Member of the Provincial Assembly of Punjab
- In office 9th April 2008 – 29 May 2013
- Constituency: PP-67 (Faisalabad-XVI)
- In office 25 November 2002 – 3 November 2007
- Constituency: PP-67 (Faisalabad-XVI)

Personal details
- Party: Pakistan Tehreek-e-Insaf (2023-2024)
- Other political affiliations: Pakistan Peoples Party (1970-2023)

= Asad Muazzam =

Pakistani Politician

Asad Muazzam is a Pakistani politician who had been a Member of the Provincial Assembly of Punjab from 2002 to 2013.

==Biography==
Muazzam was born on 2 July 1966 in Lahore. He did MBBS in 1992 from Allama Iqbal Medical College.
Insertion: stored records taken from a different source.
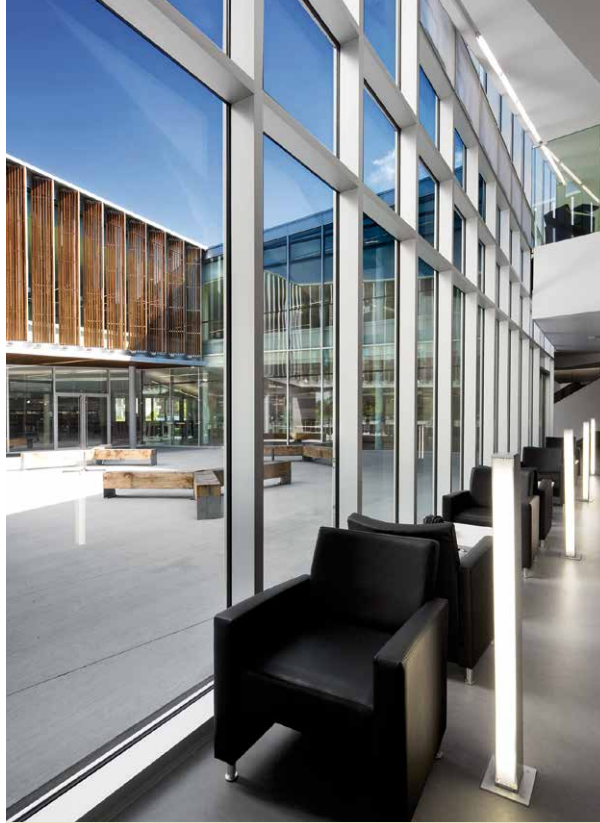
Bibliothèque Raymond-Lévesque, aire de lecture, section jeunes
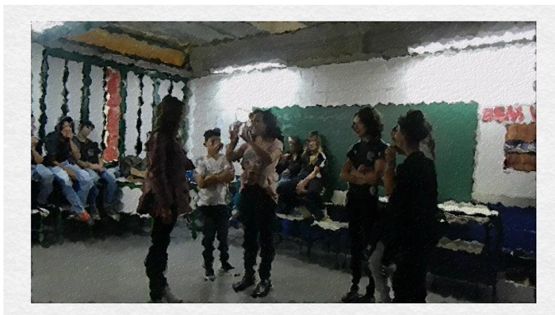
A professora “A” orienta os alunos do centro da sala sobre a dança a ser reproduzida

No terceiro momento, a professora “A” dá instruções aos alunos posicionados no centro da sala de aula. Essas instruções dizem respeito à maneira como os alunos devem reproduzir o vídeo e a lateralidade na dança (esquerda e direita). Todos os alunos observam a explicação da professora.
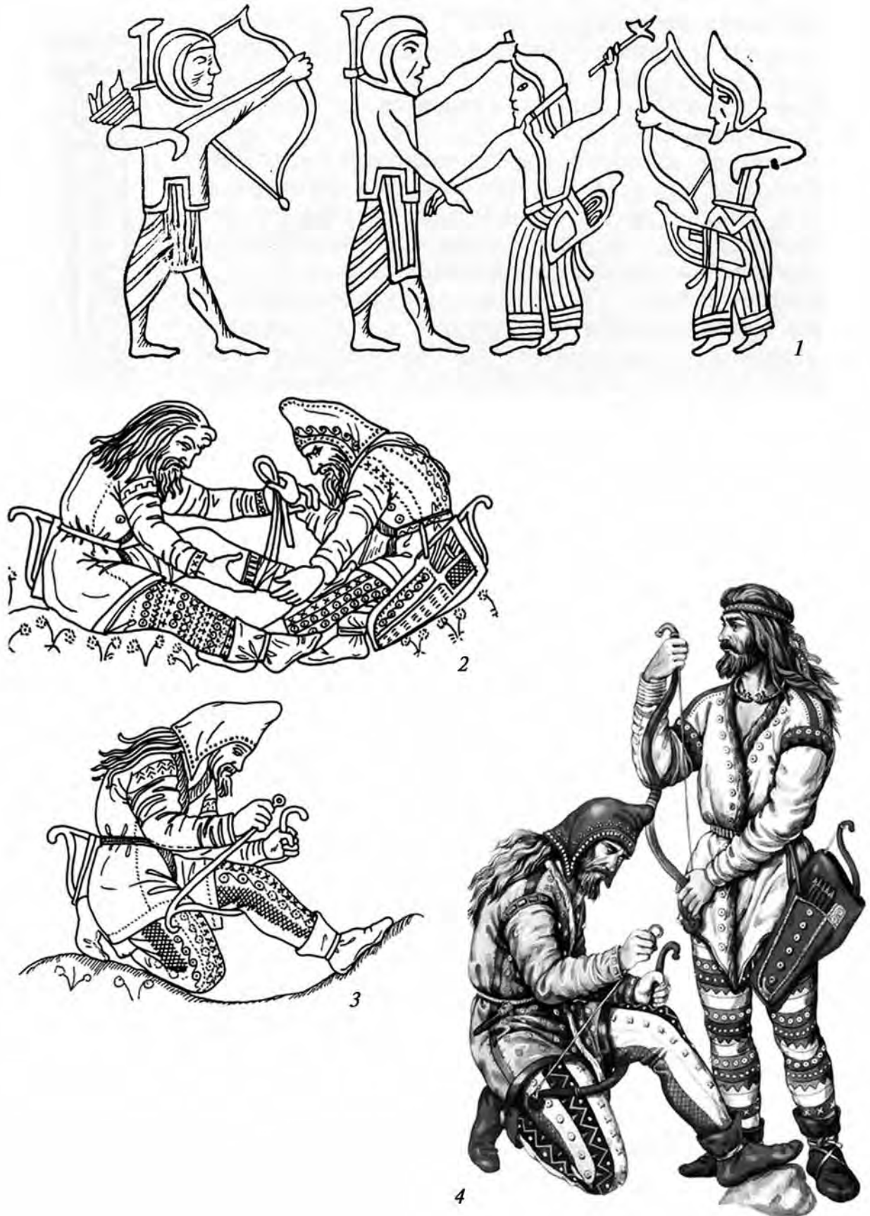
Рис.2. Образи чоловіків у головних уборах – кірбасіях.

1 – зображення скіфів на циліндричній печатці (рубіж VI–V ст. до н.е.); 2, 3 – образи скіфів на вазі з кургану Куль-Оба (IV ст. до н.е.); 4 – реконструкція скіфських костюмів за образотворчими пам'ятками (художник З.О.Васіна).
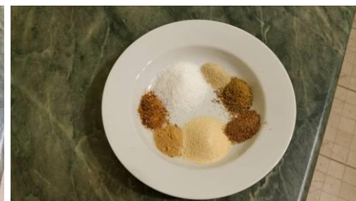
20. Составляем пропорции специй
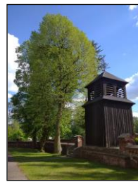
Jedna z lip na placu kościelnym
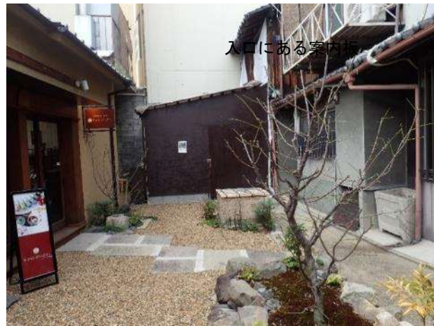
入口にある案内所
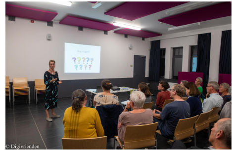
Infosessie Steenokkerzeel
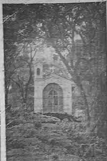
"El Huerto de Getsemani", en Rio Segundo de San Rafael de Heredia, que será bendecido el domingo próximo. El acto, que ha sido cuidadosamente preparado, revestirá, no dudamos, especial solemnidad

Grandes preparativos se han hecho para el acto, que tendrá lugar el domingo próximo
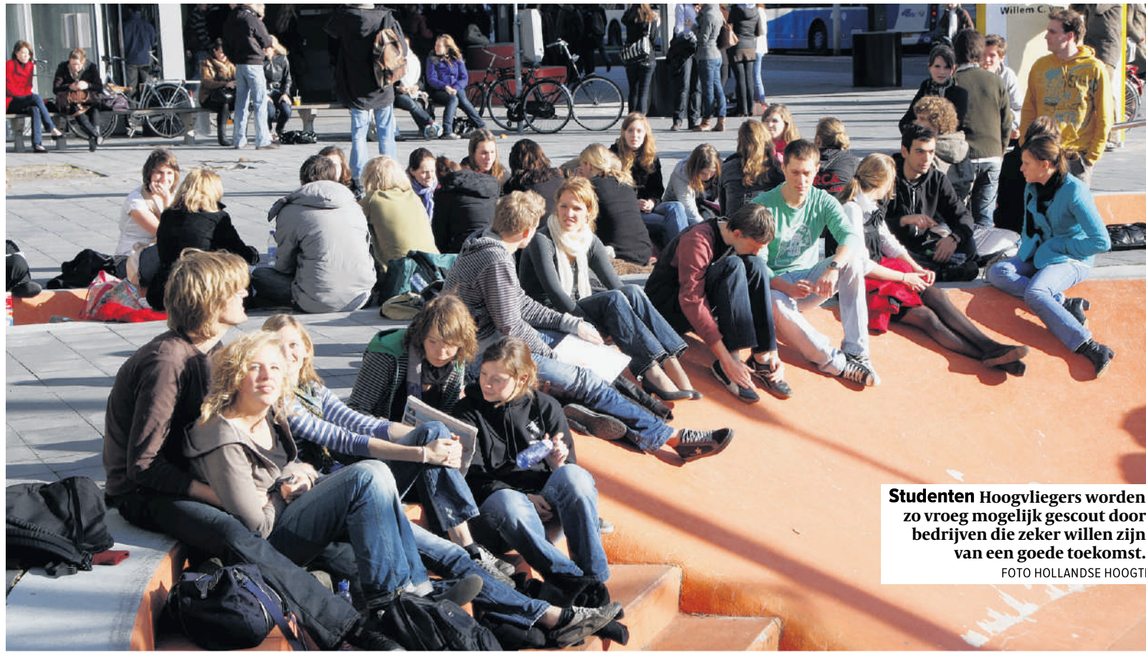
Studenten Hoogvliegders worden zo vroeg mogelijk gescout door bedrijven die zeker willen zijn van een goede toekomst.

Zoveel ioneren zijn door het CWI aan werk of een staae geholpen.
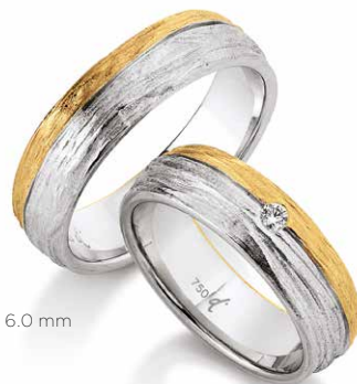
64 | 6.0 mm
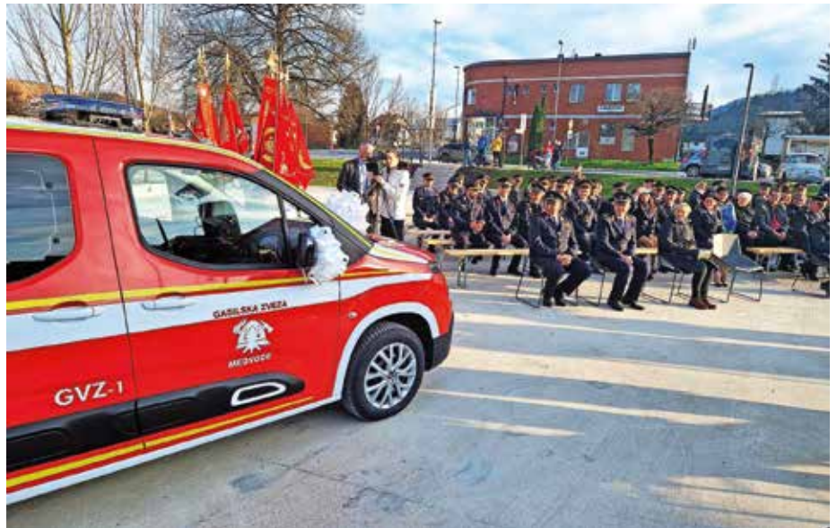
Osnovno vozilo je Citroënov model Berlingo 1,5 HDI s povečano nosilnostjo in z nadgradnjo.

Občina Medvode je na spletni strani objavila Javni razpis za sofinanciranje obnove zunanega ovoja stavb mestnega jedra Medvod v letu 2023. Predmet razpisa je sofinanciranje obnove fasad, streh, zunanjih vrat in oken stavb, ki stojijo na območju mestnega jedra, in sicer na naslovih Cesta komandanta Staneta 6 in od 8 do 39 ter Seškova cesta v celoti od 1 do 30. Rok za prijavo se izteče 31. maja. Višina razpoložljivih sredstev je 25 tisoč evrov. Namen javnega razpisa je spodbujanje obnove zunanega ovoja stavb mestnega jedra Medvod s ciljem urejenega zunanega videza posameznih stavb in naselja. M. B.
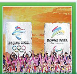
北京冬奥会会徽发布

He was elected to the Provincial Assembly of Punjab as a candidate of Pakistan People's Party (PPP) from Constituency PP-67 (Faisalabad-XVII) in the 2002 Pakistani general election.

He was re-elected to the Provincial Assembly of Punjab as a candidate of PPP from Constituency PP-67 (Faisalabad-XVII) in the 2008 Pakistani general election.

He ran for the seat of the Provincial Assembly of Punjab from Constituency PP-115 (Faisalabad-XIX) in the 2018 Pakistani general election but was unsuccessful.